NOTES TO CONSOLIDATED FINANCIAL STATEMENTS

 

  (k) Accounting for Impairment of Long-Lived Assets

 

The Company adopts Accounting Standards Codification (“ASC”) 360, “Accounting for the Impairment or Disposal of Long-Live Assets”, which addresses financial accounting and reporting for the impairment or disposal of long-lived assets. The Company periodically evaluates the carrying value of long-lived assets to be held and used in accordance with ASC 360 which requires impairment losses to be recorded on long-lived assets used in operations when indicators of impairment are present and the undiscounted cash flows estimated to be generated by those assets are less than the assets’ carrying amounts.
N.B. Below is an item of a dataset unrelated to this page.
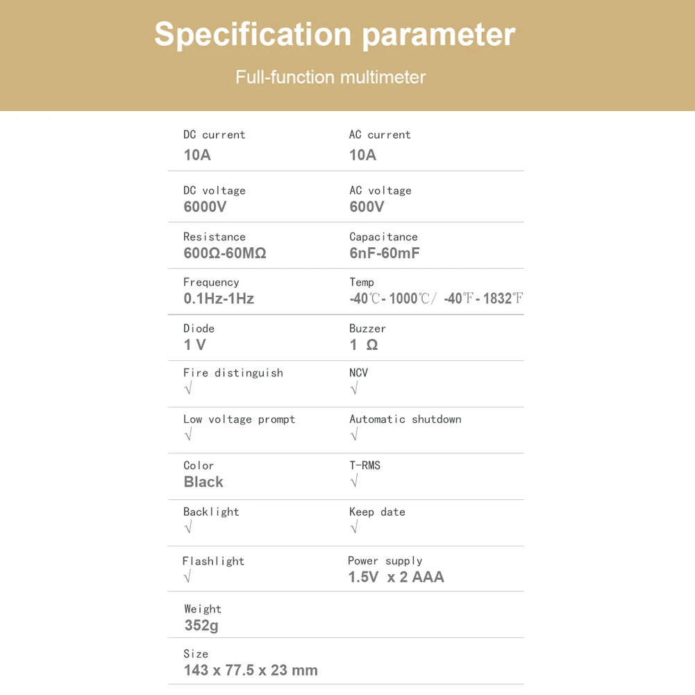 Этот мультиметр с большим ЖК-экраном, и он маленький по размеру, как фаблет, более практичный и новый. С многофункциональными, такими как напряжение переменного тока, напряжение постоянного тока и Измерение тока, сопротивление, емкость, измерение диодов и так далее. Приходите и попробуйте, это не подведет вас. Особенности:С 4,7 дюймов экран высокой четкости, который позволяет вам управлять и смотрите данные более четко, даст вам лучший опыт использования.Многофункциональный: он используется для измерения напряжения переменного и прямого тока и тока, измерения емкости и сопротивления, бесконтактного напряжения и измерения температуры NCV, измерения диодов и непрерывности, распознавания проводов firewire и null.С функцией двойного звукового сигнала и светильник, который поможет вам лучше напомнить.С мягкой и прочной защитной крышкой и функцией сейсмического pro-tection, которая может защитить мультиметр и продлить время обслуживания.С функцией фонарика и подсветки вы можете использовать его в условиях тусклой освещенности или в темноте. Характеристики:Материал: АБС-пластикЦвет: красныйМощность: 2 аккумулятора * AAA (не входит в комплект)Постоянный ток: 10AТок переменного тока: 10AНапряжение прямого тока: 6000 ВНапряжение переменного тока: 600 ВСопротивление: 600Ω ~ 60MΩЕмкость: 6nF ~ 60mFЧастота: 0,1 Гц ~ 1 ГцТемпература: -40 ℃ ~ 1000 ℃/-40 ℉ ~ 1832 ℉Диод: 1 вЗуммер: 1ΩРазличие между огнем: ДаNCV: ДаПодсказка низкого напряжения: ДаАвтоматическое выключение: ДаT-RMS: ДаПодсветка: ДаСохранить дату: ДаФонарик: ДаРазмер изделия: 143*77,5*23 мм/5,6*3,1 * 0.9inРазмер посылка: 153*87,5*30 мм/6,0*3,4 * 1.2inПосылка Вес: 339 г/12,0 унции Упаковочный лист:1 * мультиметр1 * Руководство пользователя1 * Температурный кабель1 * TestHead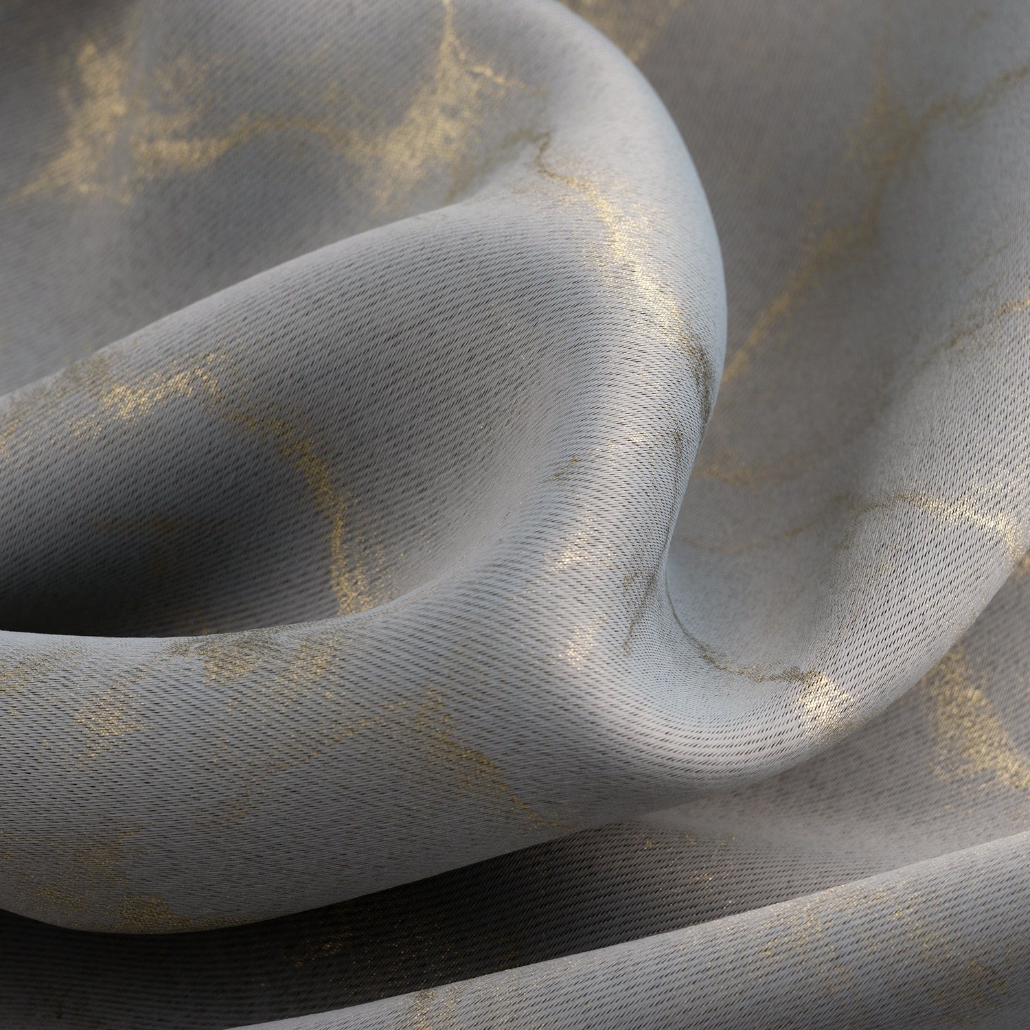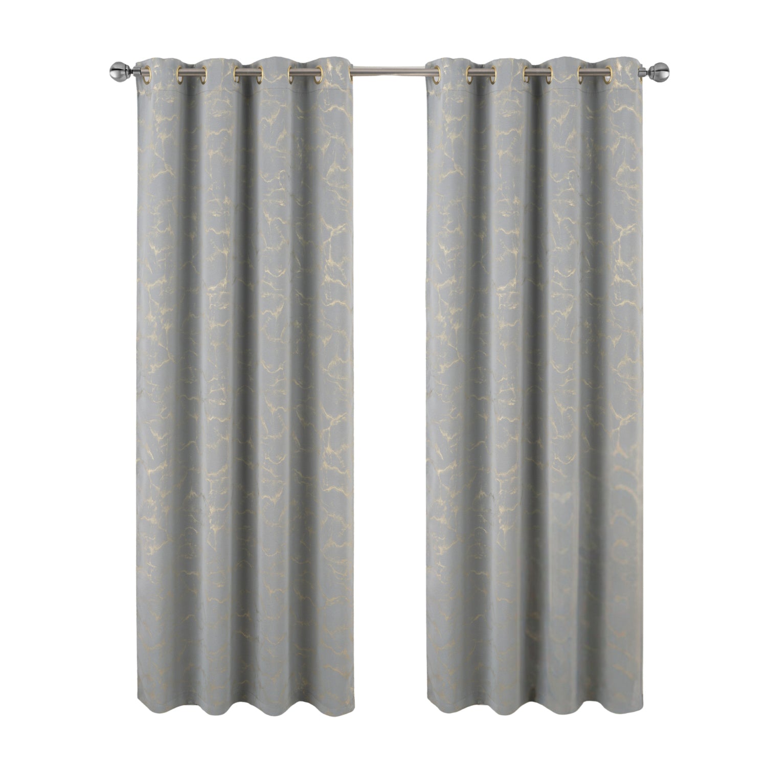 Bring refined glamour to your home with the Heidi Halo Foil Blackout Grommet Panel, designed with a chic marble-inspired foil pattern that introduces a touch of luxury to any space. Perfect for contemporary interiors, this curtain blends stylish design with practical functionality, offering blackout benefits that block unwanted light and improve privacy. Measuring 52" x 84", the panel fits most windows with ease, while the grommet top ensures smooth sliding and hassle-free installation. The metallic marble effect adds dimension and modern flair without overwhelming your décor, making it versatile for bedrooms, living rooms, or offices. Crafted from 100% polyester, it is wrinkle-resistant, durable, and machine washable, making it both beautiful and easy to maintain. Available in Silver, the Heidi Halo Foil Curtain pairs effortlessly with modern and transitional home styles, delivering understated elegance with a luminous finish.DURABLE MATERIAL: Made with 100% polyester, this curtain ensures durability, wrinkle resistance, and long-lasting elegance. The strong fabric retains its shape and sheen even after repeated washing and daily use. ELEGANT LIGHT FILTER: Featuring a foil marble design, this curtain reduces sunlight and glare while adding contemporary charm. Its blackout function enhances privacy, comfort, and relaxation in any living space. SIMPLE INSTALLATION: The grommet top design makes hanging easy and ensures smooth sliding across most standard curtain rods. Install quickly to achieve a modern, refined look for your windows in minutes. VERSATILE DESIGN: With its chic marble-inspired foil print, this curtain complements modern, transitional, and luxe décor styles. Ideal for living rooms, bedrooms, or offices, it blends subtle glam with function. EASY MAINTENANCE: Designed for convenience, this panel is machine washable and resists fading, keeping its shimmer and sophistication intact. Low-maintenance fabric makes it perfect for everyday home use.

In that event, a loss is recognized based on the amount by which the carrying amount exceeds the fair market value of the long-lived assets.

 

The long-lived assets held and used by the Company are reviewed for impairment whenever events or changes in circumstances indicate that the carrying amount of assets may not be recoverable. It is reasonably possible that these assets could become impaired as a result of technology or other industry changes. Recoverability of assets to be held and used is determined by comparing the carrying amount of an asset to future net undiscounted cash flows to be generated by the assets.

 

If such assets are considered to be impaired, the impairment to be recognized is measured by the amount by which the carrying amount of the assets exceeds the fair value of the assets. Assets to be disposed of are reported at the lower of the carrying amount or fair value less costs to sell. During the reporting periods, there was no impairment loss.

 

  (l) Customer advance

 

Customer advance was received from customers in connection with orders of products to be delivered in future periods.

 

  (m) Revenue Recognition

 

The Company’s revenue recognition policies are in compliance with Staff Accounting Bulletin (“SAB”) 104, included in the Codification as ASC 605, Revenue Recognition. Sales revenue is recognized at the date of shipment to customers when a formal arrangement exists, the price is fixed or determinable, the delivery is completed, no other significant obligations of the Company exist and collectability is reasonably assured. Payments received before all of the relevant criteria for revenue recognition are satisfied are recorded as unearned revenue.

 

The Company does not allow its customers to return products. The Company’s customers can exchange products only if they are damaged in transportation.

 

Revenue reported is net of value added tax.

 

  (n) Cost of Sales

 

The Company’s cost of sales is comprised of the inbound acquisition cost of packaged finished goods for resale, inbound shipping, value added tax and business taxes recognized upon sales of goods.

 

  (o) Selling Expenses

 

Selling expenses are comprised of salaries for the sales force, client entertainment, commissions, advertising, and travel and lodging expenses.

 

  (p) General & Administrative Expenses

 

General and administrative expenses include executive compensation, general overhead such as the finance department and administrative staff, depreciation, office rental and utilities.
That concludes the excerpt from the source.